§ **Stored data**

== Segment start ==

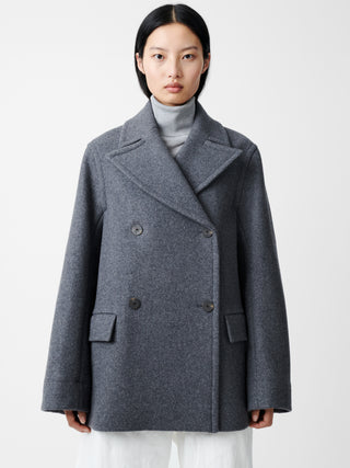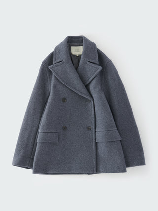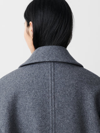 保温性に優れたリサイクルダウンウールで作られたメランジ仕立てのショートコート。ボックス型のシルエットと、ダブルブレストが特徴的。
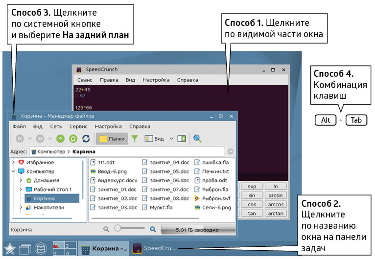 Сейчас на вашем экране открыты два окна: Корзина и Калькулятор (рис. 1.10). Одно из них частично или полностью перекрывает другое. Как перевести на первый план то окно, которое находится на заднем плане?
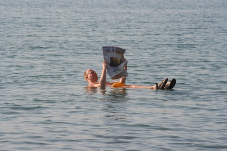 Nadat iedereen terug was in de bus, vertrokken we richting Dode zee. Daar hebben we ons eerst in het Mövenpickhotel volgegeten aan het buffet. Aangezien er ’s avonds geen tijd was om te eten, omdat we naar het vliegveld moesten, was dit ons diner. Na het eten mochten we dan eindelijk naar het water. Het was een bijzondere ervaring. In eerste instantie doe je nog moeite om te drijven maar al snel blijkt dit volledig overbodig. Zonder moeite blijf je op je rug in het water liggen. Het kost zelfs moeite om weer rechtop te komen. Ook het op de buik zwemmen lukt niet echt. Door het hoge zoutgehalte van het water is de opwaartse druk zo groot dat het grootste deel van je benen bovenwater is! Als je vervolgens uit het water komt en jezelf gewoon laat opdrogen dan blijven er overal vlokken zout op het lichaam achter. Het is net of je over je hele lichaam roos hebt.

== Segment end ==

§ **Exercise details**
Would you copy out the data exactly, leaving every picture out?

§ **Result of the exercise**
 保温性に優れたリサイクルダウンウールで作られたメランジ仕立てのショートコート。ボックス型のシルエットと、ダブルブレストが特徴的。
 Сейчас на вашем экране открыты два окна: Корзина и Калькулятор (рис. 1.10). Одно из них частично или полностью перекрывает другое. Как перевести на первый план то окно, которое находится на заднем плане?
 Nadat iedereen terug was in de bus, vertrokken we richting Dode zee. Daar hebben we ons eerst in het Mövenpickhotel volgegeten aan het buffet. Aangezien er ’s avonds geen tijd was om te eten, omdat we naar het vliegveld moesten, was dit ons diner. Na het eten mochten we dan eindelijk naar het water. Het was een bijzondere ervaring. In eerste instantie doe je nog moeite om te drijven maar al snel blijkt dit volledig overbodig. Zonder moeite blijf je op je rug in het water liggen. Het kost zelfs moeite om weer rechtop te komen. Ook het op de buik zwemmen lukt niet echt. Door het hoge zoutgehalte van het water is de opwaartse druk zo groot dat het grootste deel van je benen bovenwater is! Als je vervolgens uit het water komt en jezelf gewoon laat opdrogen dan blijven er overal vlokken zout op het lichaam achter. Het is net of je over je hele lichaam roos hebt.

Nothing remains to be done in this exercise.